Tuesday, June 03, 2008

June 3

On the 3rd in 1800, John Adams, the first vice-president and the second president of the United States, became the first American president to occupy the White House. Following as he did George Washington, he had an extremely tough act to follow. Nevertheless, the cream always rises to the top and as Benjamin Franklin noted of Adams, “he means well for his country, is always an honest man, often a wise man but sometimes, in some things, absolutely out of his senses.” Three out of four ain’t bad though and I just wish our contemporary leaders scored as well in the measure of a man.

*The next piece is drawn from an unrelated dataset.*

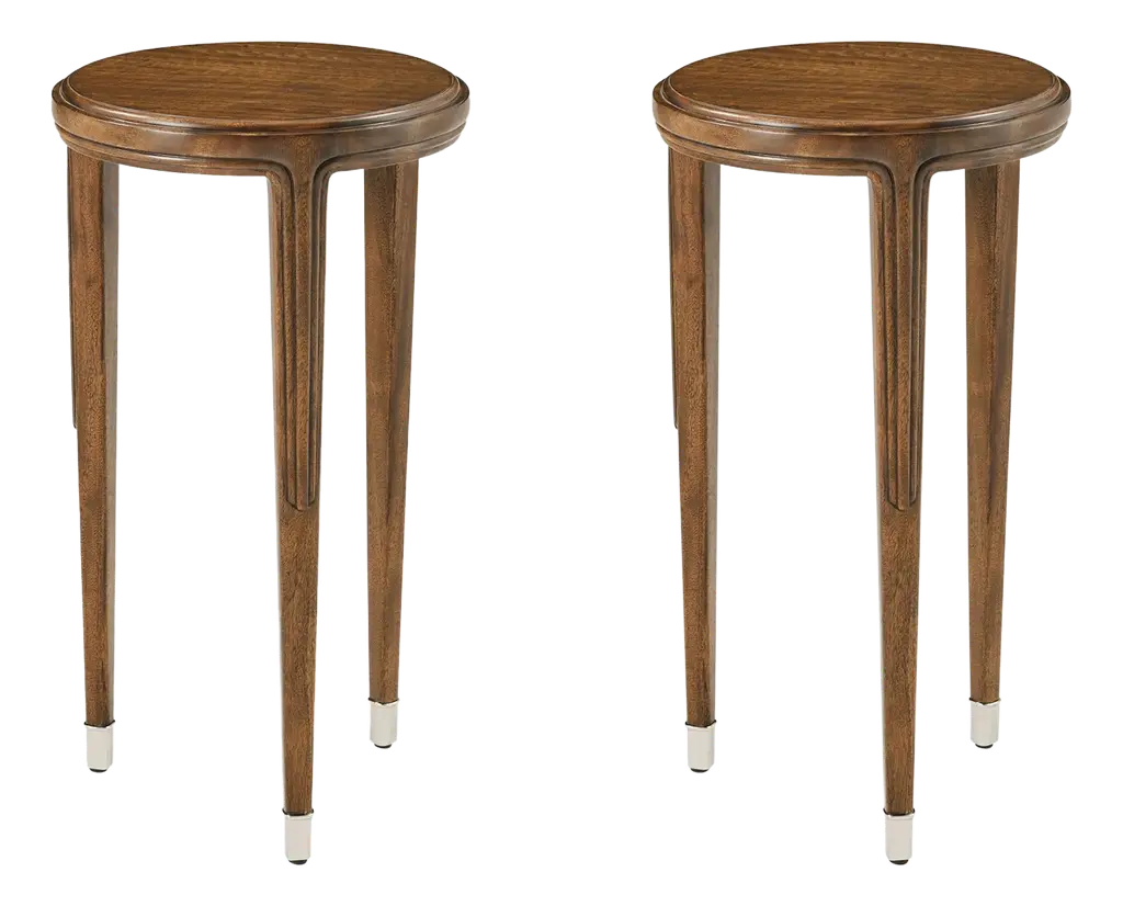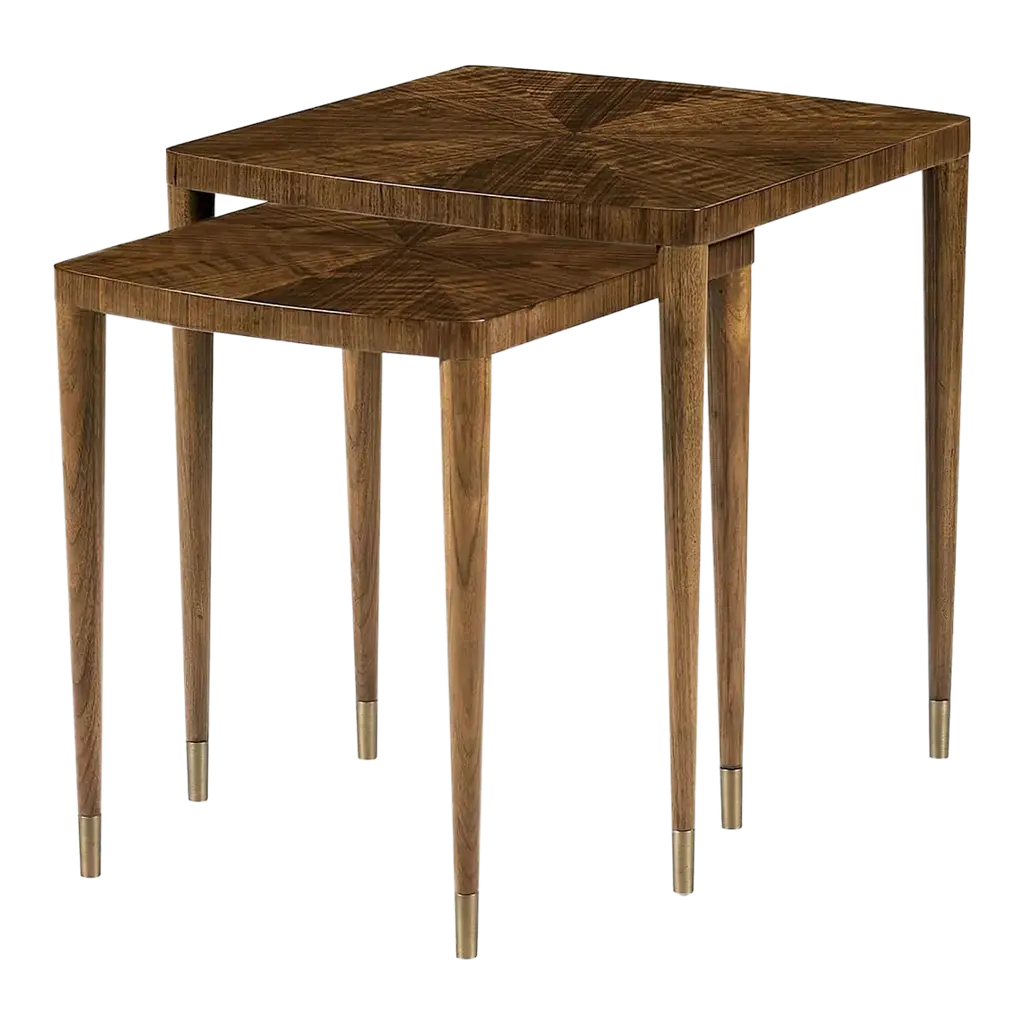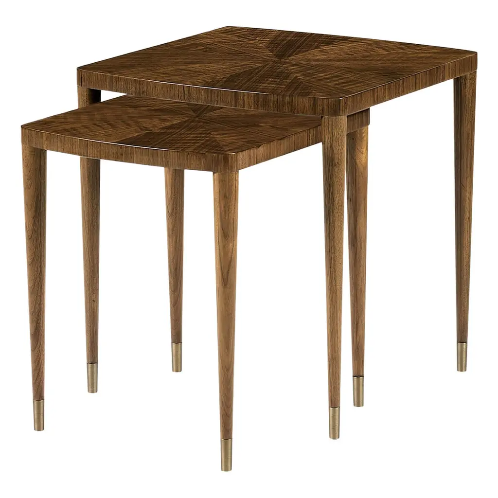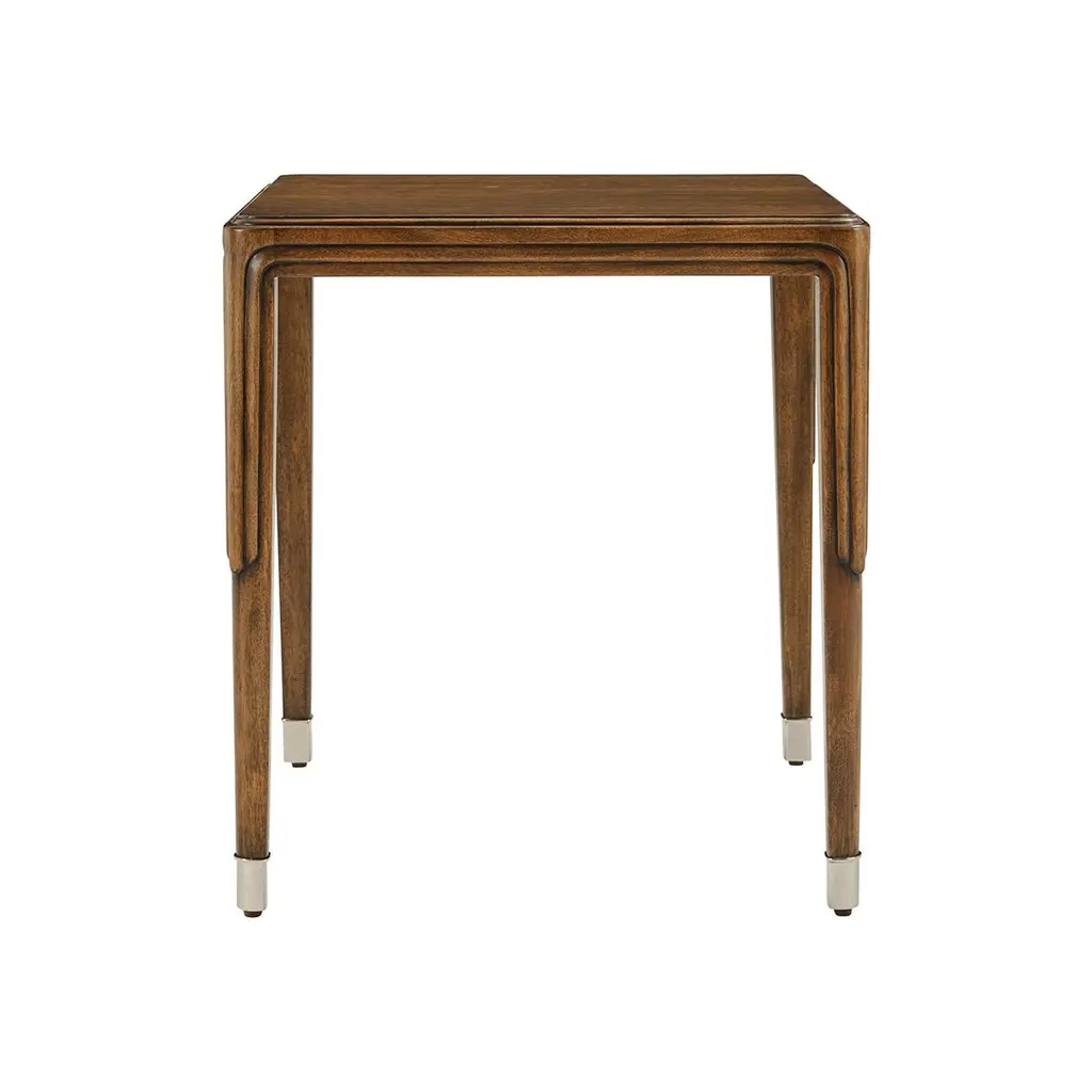 Crafted with figured walnut, it features a rich grain and tapered legs with subtle detailing. Nickel-capped feet add modern refinement, blending Art Deco charm with contemporary style.A perfect accent for traditional or modern interiors, this table enhances any space with its graceful design and fine craftsmanship.Dimensions: 22" W x 22" D x 24" H

In his youth, Adams turned to politics after watching James Otis, Jr. argue a case against an English law authorizing warrantless searches, in a Massachusetts court. Shortly before Otis died, on May 23, 1783, he had said to his sister “I hope, when God Almighty in his righteous providence shall take me out of time into eternity that it will be by a flash of lightning." He was shortly thereafter struck and killed by a bolt of lightening as he stood in the doorway of a friend’s house.

Monday, June 02, 2008

June 2


H. L. Mencken (left), the sage of Baltimore, observed that democracy is the theory that “the common people know what they want and deserve to get it good and hard”. John Randolph (right), a senator from Virginia, who was born on the 2nd in 1773, also distilled the role of democracy into a nice little sound bite when he said, “I am an aristocrat. I love liberty. I hate equality.”
Randolph was a slave owner. In his will, dated 1819, he included a provision that his slaves were to be freed. In a codicil added in 1821, he bequeathed the money necessary for the freed slaves to relocate to Ohio. A number of his former slaves resettled in Shelby County, Ohio. Randolph also observed, “We all know our duty better than we discharge it.”

Sunday, June 01, 2008

June 1

Robert Cecil, 1st Earl of Salisbury, was born in England on the 1st in 1563. He was a diplomat and minister to Queen Elizabeth I and King James I. He had a rather striking appearance. Whenever you are involved in public service, you have to expect that not everyone is going to like you. Cecil’s contemporaries described him as being “a slight, crooked, hump-backed young gentleman, dwarfish in stature, but with a face not irregular in feature, and thoughtful and subtle in expression, with reddish hair, a thin tawny beard, and large, pathetic, greenish-coloured eyes, with a mind and manners already trained to courts and cabinets, and with a manner almost ingenuous, as compared to the massive dissimulation with which it was to be contrasted, and with what was, in aftertimes, to constitute a portion of his own character" Even his own boss, the Queen, often referred to him as “my elf” and “my pygmy”. He dealt with the attitude of his adversaries as best he could but I am certain did not particularly care for Elizabeth’s comments. And I’ll bet that he was never asked what bridge he lived under, like someone I know.
It was widely believed by his contemporaries, that Robert was the prime mover behind the Gunpowder Plot, in which Guy Fawkes tried to blow up the Houses of Parliament on the notorious Fifth of November in 1605.